▶ **TO DO**
Retype the data that follows line by line, exactly, and leave its pictures out.

▶ **GIVEN ENTRIES**
━━━━━━

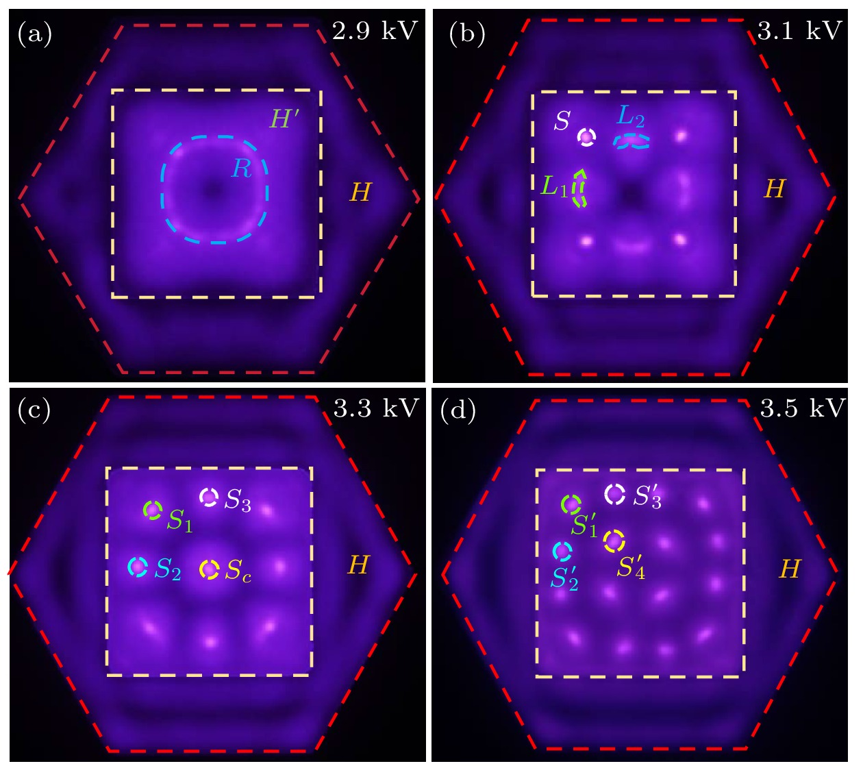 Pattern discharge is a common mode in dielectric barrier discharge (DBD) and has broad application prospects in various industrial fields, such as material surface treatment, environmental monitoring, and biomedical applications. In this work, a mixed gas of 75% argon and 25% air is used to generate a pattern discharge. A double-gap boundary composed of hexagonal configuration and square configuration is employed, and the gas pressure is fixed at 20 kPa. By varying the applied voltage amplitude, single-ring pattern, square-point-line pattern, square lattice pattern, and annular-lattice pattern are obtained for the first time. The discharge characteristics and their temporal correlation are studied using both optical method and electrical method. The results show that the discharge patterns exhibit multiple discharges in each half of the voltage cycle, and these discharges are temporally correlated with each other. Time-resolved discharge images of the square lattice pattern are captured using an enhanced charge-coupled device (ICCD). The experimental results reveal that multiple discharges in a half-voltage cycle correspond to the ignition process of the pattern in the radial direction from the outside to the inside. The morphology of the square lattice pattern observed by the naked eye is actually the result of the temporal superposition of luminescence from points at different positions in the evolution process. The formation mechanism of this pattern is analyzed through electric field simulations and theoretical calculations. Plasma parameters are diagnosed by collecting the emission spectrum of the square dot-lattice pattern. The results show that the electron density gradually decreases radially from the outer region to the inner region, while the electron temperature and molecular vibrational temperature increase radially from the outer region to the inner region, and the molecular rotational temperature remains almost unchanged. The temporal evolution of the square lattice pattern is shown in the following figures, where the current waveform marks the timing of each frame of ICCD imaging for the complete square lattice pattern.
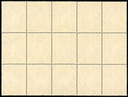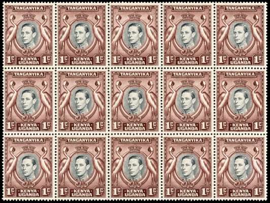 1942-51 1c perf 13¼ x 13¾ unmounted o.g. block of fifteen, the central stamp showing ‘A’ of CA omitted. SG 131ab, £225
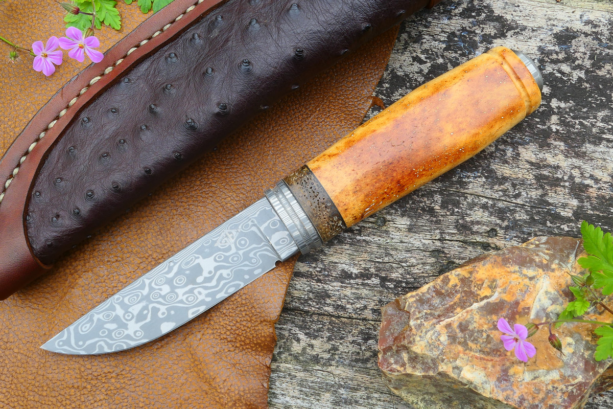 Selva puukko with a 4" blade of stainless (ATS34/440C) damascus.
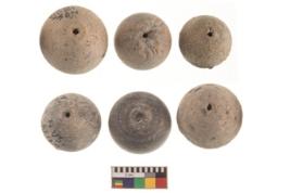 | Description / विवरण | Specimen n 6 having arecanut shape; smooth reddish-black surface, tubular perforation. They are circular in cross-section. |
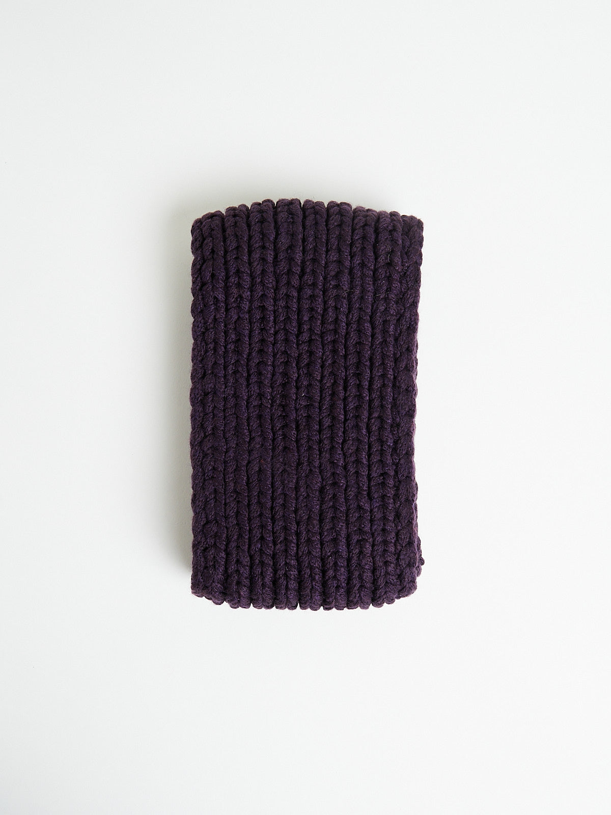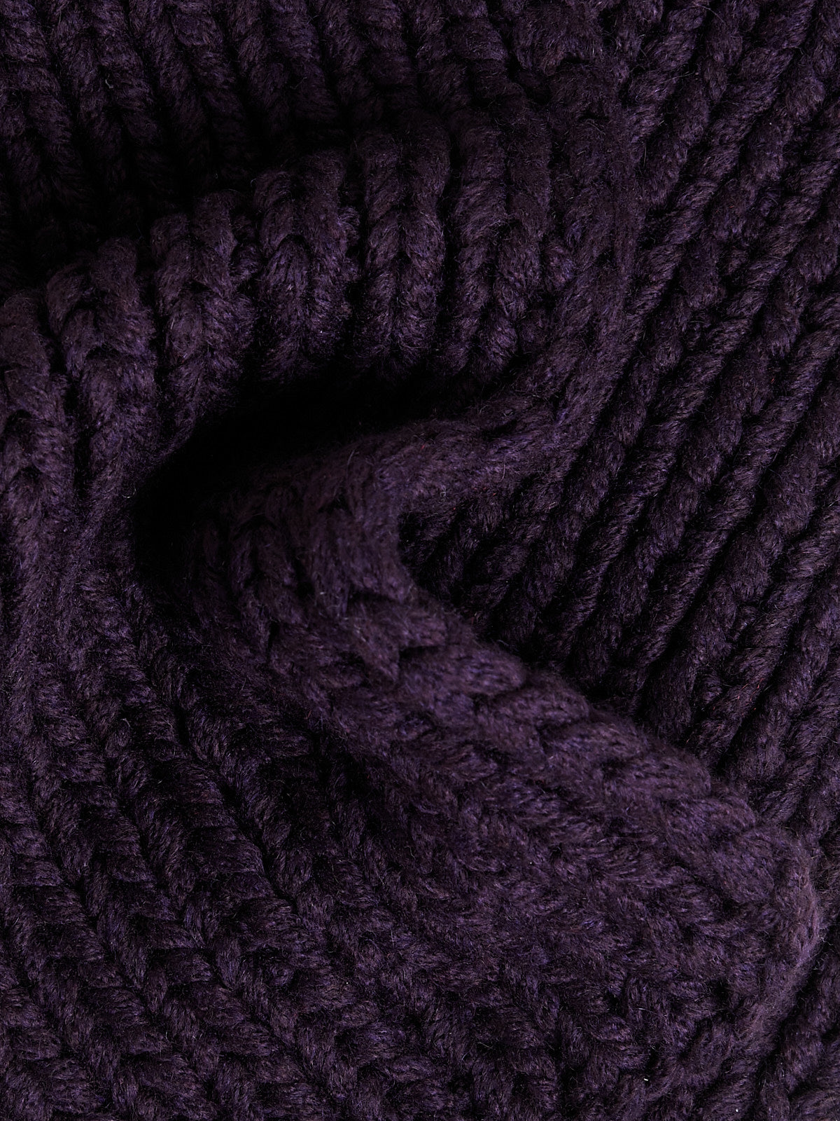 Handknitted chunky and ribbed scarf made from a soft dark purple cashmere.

━━━━━━

▶ **PROBLEM SOLUTION**
 Pattern discharge is a common mode in dielectric barrier discharge (DBD) and has broad application prospects in various industrial fields, such as material surface treatment, environmental monitoring, and biomedical applications. In this work, a mixed gas of 75% argon and 25% air is used to generate a pattern discharge. A double-gap boundary composed of hexagonal configuration and square configuration is employed, and the gas pressure is fixed at 20 kPa. By varying the applied voltage amplitude, single-ring pattern, square-point-line pattern, square lattice pattern, and annular-lattice pattern are obtained for the first time. The discharge characteristics and their temporal correlation are studied using both optical method and electrical method. The results show that the discharge patterns exhibit multiple discharges in each half of the voltage cycle, and these discharges are temporally correlated with each other. Time-resolved discharge images of the square lattice pattern are captured using an enhanced charge-coupled device (ICCD). The experimental results reveal that multiple discharges in a half-voltage cycle correspond to the ignition process of the pattern in the radial direction from the outside to the inside. The morphology of the square lattice pattern observed by the naked eye is actually the result of the temporal superposition of luminescence from points at different positions in the evolution process. The formation mechanism of this pattern is analyzed through electric field simulations and theoretical calculations. Plasma parameters are diagnosed by collecting the emission spectrum of the square dot-lattice pattern. The results show that the electron density gradually decreases radially from the outer region to the inner region, while the electron temperature and molecular vibrational temperature increase radially from the outer region to the inner region, and the molecular rotational temperature remains almost unchanged. The temporal evolution of the square lattice pattern is shown in the following figures, where the current waveform marks the timing of each frame of ICCD imaging for the complete square lattice pattern.
 1942-51 1c perf 13¼ x 13¾ unmounted o.g. block of fifteen, the central stamp showing ‘A’ of CA omitted. SG 131ab, £225
 Selva puukko with a 4" blade of stainless (ATS34/440C) damascus.
 | Description / विवरण | Specimen n 6 having arecanut shape; smooth reddish-black surface, tubular perforation. They are circular in cross-section. |
 Handknitted chunky and ribbed scarf made from a soft dark purple cashmere.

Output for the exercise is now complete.